Giorgos Kapouranis

Personal information
- Full name: Georgios Kapouranis
- Date of birth: 20 May 1966 (age 60)
- Place of birth: Olpe, West Germany
- Height: 1.84 m (6 ft 0 in)
- Position: Defender

Senior career*
- Years: Team / Apps / (Gls)
- 1985–1988: Olympiacos / 33 / (3)
- 1988–1991: Panionios / 68 / (6)
- 1991–1992: Athinaikos / 41 / (3)
- 1992–1997: Panathinaikos / 124 / (8)
- 1998–1999: Panachaiki / 44 / (4)
- 1999–2000: Thesprotos / 21 / (1)

International career
- Greece U21
- 1991–1993: Greece / 4 / (0)

= Giorgos Kapouranis =

Greek footballer (born 1966)

Giorgos Kapouranis (Γιώργος Καπουράνης, born 21 February 1970) is a former professional footballer who played as a defender. Born in West Germany, he represented the Greece national team.

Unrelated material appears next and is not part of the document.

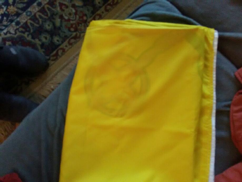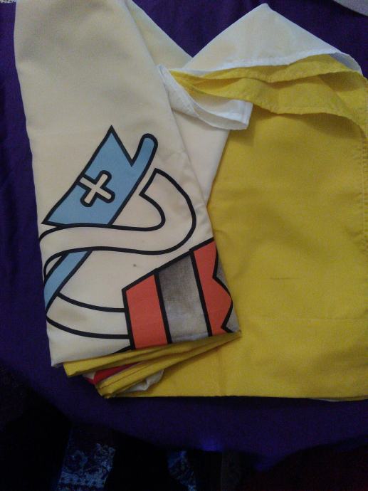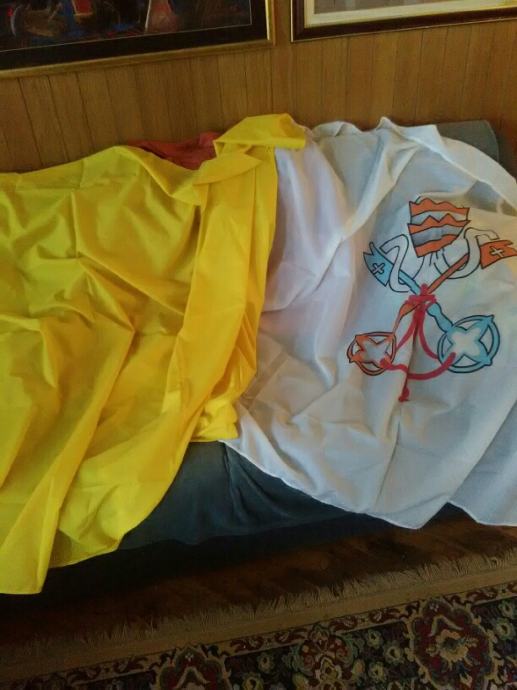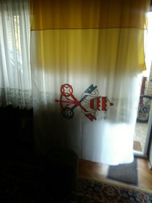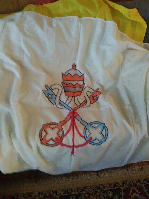 Velika zastava (150x340cm)povodom dolaska Pape IvanaPavla ll u Osijek 07. 03. 2003godine.Obilježava mjesto i prostor u kojem boravi Papa.

Kapouranis is perhaps best remembered for his winning goal in a 1995 derby of the eternal enemies between Panathinaikos and his old club Olympiacos. He was subsequently part of the Panathinaikos team that famously reached the semi-finals of the 1995–96 UEFA Champions League, beating AFC Ajax away in the first leg but losing at home.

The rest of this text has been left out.